TPA ensures strong trade agreements


Every corner of Ohio, from our farms to our factories, benefits from trade, and the reason is simple. Trade pacts allow us to expand exports with other nations and reach new customers for Ohio small businesses, manufacturers, and farmers.

That is why TPA, short for Trade Promotion Authority, is so important.

TPA is the framework in which we can negotiate trade pacts, and it ensures we secure the best trade agreements possible for Ohio workers and farmers. In our state, one in five jobs depends on trade. In agriculture, Ohio is the 10th largest exporter in the country and the pork industry alone supports more than 8,700 jobs.

Phillip, a pork producer in Preble County, recently wrote in an email that strong trade pacts mean more opportunities and growth for his business.

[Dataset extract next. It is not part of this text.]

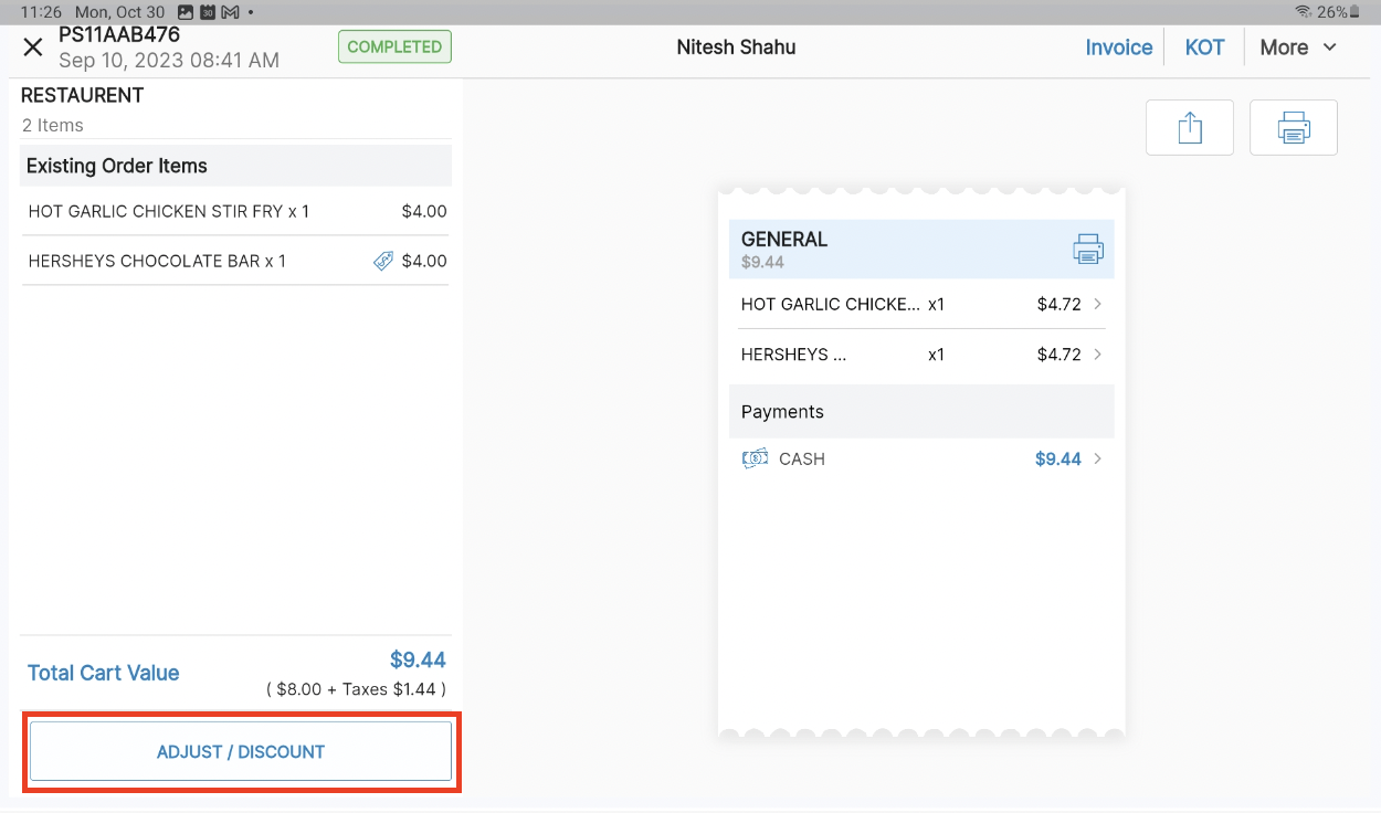 On a Completed Order Once you have navigated to the completed order, select the Adjust/Discount (to adjust an order once completed is permission based and may be required to be done by a manager) button and follow above steps to make any modification. Once modifications are made, select Next

“For over 40 years my family has produced pork in Preble County,” Phillip wrote. “I know firsthand how difficult it is to stay in this business and make a profit. TPA is important because it will allow the TPP negotiations among Pacific Rim countries that could provide many new opportunities for exporting pork.”

TPA puts lawmakers in the driver’s seat to set clear objectives, ensure transparency, and hold the administration accountable in trade negotiations with other countries, such as the Trans-Pacific Partnership that Phillip mentioned.

Here are just three of the ways how: First, TPA requires the administration to allow Congress to read trade agreements at any time during the negotiating process. Along the way, TPA requires the administration to post up-to-date summaries on their progress to the public. And at least 60 days before the president enters into an agreement, the president must make it publicly available for everyone to read.

With TPA, we will ensure trade agreements are in line with the people’s priorities. If the president negotiates an agreement that doesn’t meet our objectives, we can stop the trade agreement with an up or down vote and shut off the ‘fast-tracked’ trade authority if it is a bad deal.

To be clear, TPA doesn’t give more power to the president. In fact, we’ve given previous administrations, including President Reagan, this authority for the past 40 years. TPA sets the rules and even strengthens the House and Senate’s role in trade negotiations, while also giving the American people a say in the process.

Whether on a farm like Phillip’s or in a factory in Ohio, strong trade agreements are good for jobs. That is why conservatives, focused on robust economic growth, are lining up behind it. Americans for Tax Reform, for example, is one of TPA’s supporters and “urges all free market conservatives on and off Capitol Hill to be as well.”

I couldn’t agree more. With 95 percent of the world’s customers living outside the United States and jobs tied to trade paying more than the average wage, more trade means more jobs, better business, and higher wages here at home. To unlock this potential in Ohio, TPA is critically important.